The Basset family (after whom the village was named) had first built a timber-framed house in the 13th-century. By 1553, the new owner of the manor, Sir John Mervyn (d. 1566) rebuilt the house using a reported 260 oaks, which gives some indication of the size of the house. It was still standing in 1659 and was recorded as being on a U-shaped plan, open to the south east. In 1663, the house and estate were sold to Sir John Weld, of the ancient Dorset family. He made significant changes, spending the colossal sum of £10,000 between 1663-1672 to build the sides up to 130ft and 110ft to create a large rectangle and to then cover over the courtyard. Originally, the house was in a soft, white stone but this renewed in brick in 1814, with the rest of the house following in the late 19th-century, during which it also gained the battlements.
Sir John also added the distinctive corner turrets; a stylistic device which echoed the form of a castle which bears some similarity to the Weld family’s main country seat, Lulworth Castle in Dorset,. This was built as a hunting lodge in 1610 by Thomas Howard, 3rd Lord Bindon, and bought by Humphrey Weld (John’s elder brother) in 1641, but sadly gutted in a devastating fire in 1929. As Humphrey Weld died (in 1684) without a male heir, Lulworth Castle passed to John’s son William who seems to have chosen it as his family seat and sold Compton Bassett in 1700.
The house passed through various owners until it was inherited by George Walker Heneage (d. 1875) who, by 1828 had established an estate covering 1,813 acres in the area. It was Walker Heneage’s grandson, Godfrey, who eventually inherited the estate in 1901 but then sold it in 1918 to the Co-Operative Wholesale Society who sold it again in 1929. It was bought by one E.G. Harding who then parcelled up the estate and sold it off piecemeal.

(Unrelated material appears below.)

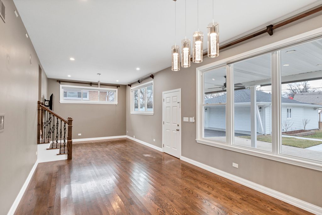 Completely updated 2 bedroom ranch situated in the heart of Hillside. The main level features hardwood floors and open floor plan. The living room flows right into the updated kitchen, complete with 42-inch cabinets, granite counters and backsplash, brand-new stainless steel appliances, a stainless hood, pantry cabinet, and breakfast bar. The family room connects to the dining area and opens to the backyard, perfect for both relaxing and entertaining. Two spacious bedrooms and an updated hall bath with a walk-in tiled shower, bench seating, and marble flooring complete the main floor. Downstairs, the finished basement offers a large rec room with a custom wet bar, granite counters, electric fireplace, luxury vinyl plank flooring, a full bath with Whirlpool tub, and a laundry room with cabinets and utility sink. Outside, enjoy the covered patio with ceiling fan overlooking the fenced yard with a new vinyl fence, greenhouse, and gas line for grilling. The detached 2-car garage features new Hardie board siding, epoxy floors, and extra storage, plus the driveway and stoop were replaced in 2024. Close to shopping, restaurants, the Metra station, Butterfield Road, and the interstate, this home is truly move-in ready.

That period was a dark time for the country house in the UK with many being demolished. The house was bought by Captain Sir Guy Benson who sadly decided that he would rather live in the stables and so this wonderful house was levelled in the early 1930s and the stables converted in 1935 into the new Compton Bassett House. Unlike other successful conversions of stables, this one was obviously designed as a functional building and lacked the grace of so many of the stable buildings we can still see today and so did not lend itself to being the main house. Not that it has stopped various owners over the years trying.

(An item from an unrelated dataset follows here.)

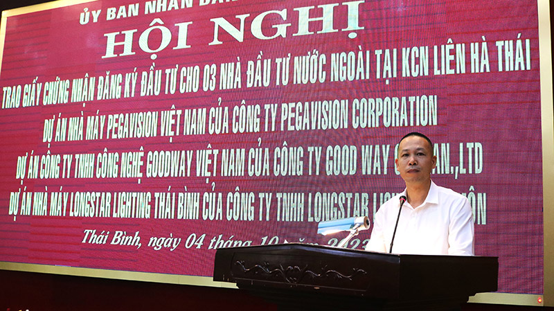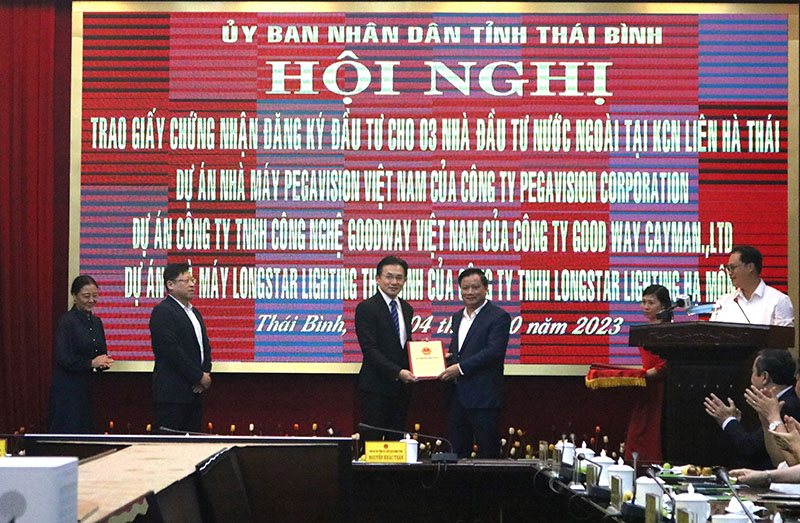 Phát biểu tại buổi lễ, Chủ tịch UBND tỉnh Thái Bình Nguyễn Khắc Thận khẳng định: Ba dự án sản xuất của Pegavison, Goodway và Longstar Lighting đều sử dụng công nghệ tiên tiến, hiện đại, thân thiện với môi trường đã đi đúng định hướng thu hút đầu tư của tỉnh, là minh chứng rõ nét trong việc hiện thực hóa thu hút đầu tư vào Khu kinh tế Thái Bình và KCN Liên Hà Thái. Điều đó khẳng định tỉnh Thái Bình, Khu kinh tế Thái Bình đã và đang là điểm đến hấp dẫn, đầy triển vọng, đáp ứng yêu cầu của các nhà đầu tư.

The latest project was started in 1998 by the then owner Paul Cripps and was to take six months and cost £500,000 but ended up taking three years and costing £3m. The house was then launched on the property market in 2007 at an eye-watering £8.5m (no doubt to try and recover some of the lavish overspending on the interior) for the house plus 71-acres. After languishing for many months Robbie finally bought it for £8.1m but never really settled here, preferring his life in the US. So now it is back on the market with Savills (but not listed on their website) for a reported asking price of £7.5m – but once you factor in all the costs involved from buying and selling, Robbie should be about a million down from when he bought it. This also assumes he’d get that price – losses could rise if, remarkably, there was someone else out there who liked the look of the house but decided that it was still too expensive and drove the price down further. To be honest, when compared with some of the other properties Savills have available in Wiltshire for around £6m (e.g. Langley House or Midway Manor) why anyone would chose this one is beyond me.

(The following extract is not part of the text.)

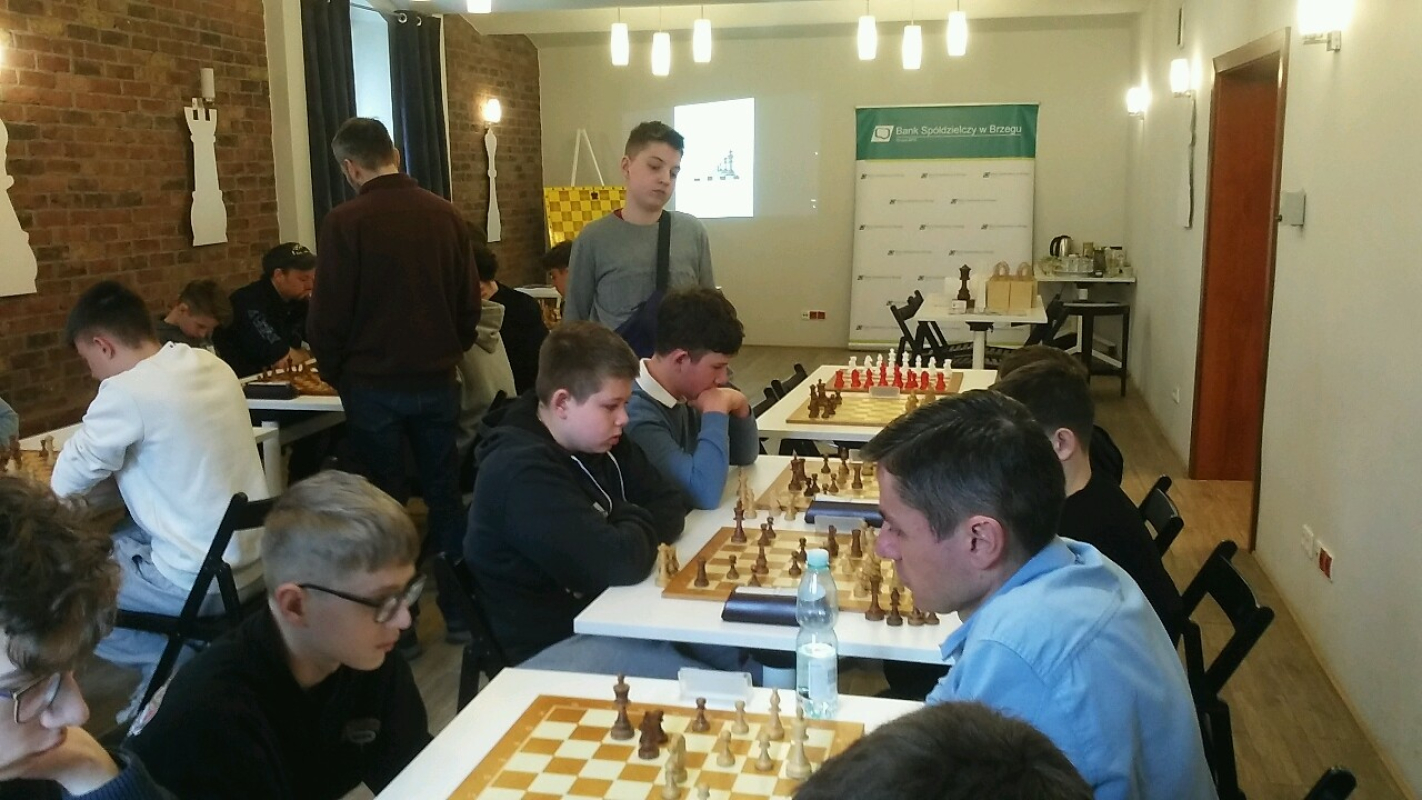 Michał Czerwiński (MGLKS Parnas Oława) w drugiej rundzie wyprzedził naszego lidera Antoniego Sokołowskiego o 2 sekundy i trzeba powiedzieć jasno, że ten wynik ustawił dalszą część rywalizacji. Po pięciu rundach granych w tempie P10 w czołówce byli : 1. Michał Czerwiński (4,5), 2. Antoni Sokołowski (4), 3. Mateusz Nowak (4), Bartosz Polniak (3,5) i 5. Jakub Pawłowski (3,5). W części "pięciominutówek" doszli do głosu zawodnicy z lepszym refleksem i uważniejsi w grze. Pierwsze dwie lokaty nie uległy zmianie. Jakub Drozd z Dobrzynia (IILO) awansował na podium po ataku z siódmego miejsca. Zagrano 100 partii tak jak zaplanowano. Bardzo dziękujemy Prezesowi Banku Spółdzielczego w Brzegu, Leokadii Wilkowskiej, Wiceprezes, Bożenie Wdowiszewskiej i Panu Marcinowi Preisowi za ogromną życzliwość i przydzielenie środków finansowych na zakup medali i nagród dla uczestników turnieju. Wdzięczni jesteśmy również gospodarzom wydarzenia, Dyrektor, Katarzynie Oćwiei - Grądziel, oraz pracownikom, Paniom Ewie i Oli za wspaniałe jak zwykle przyjęcie i opiekę.

n.b. the interior and floor plans can be seen in this article in Variety magazine in 2013 when it was again on the market for £5.5m: In Case You Missed It: Robbie Williams
*Update* 2010 Savills have added Compton Bassett to their website so if you have £7.5m and really feel that this house is the best way to spend it, then have a look at the details: Savills: Compton Bassett
*Update* February 2021
So, it turns out that Mr Williams was not able to sell the house in 2010 or 2013 or 2016 when it was variously reporting as being relisted. Again, in 2021, there is renewed interest as he plans to move with his family to a new house in Switzerland and has no plans to stay in a house he (and his daughter) now feel is ‘creepy’.
25/02/2021: article updated with further details on the history of the house and the current situation regarding Mr Williams.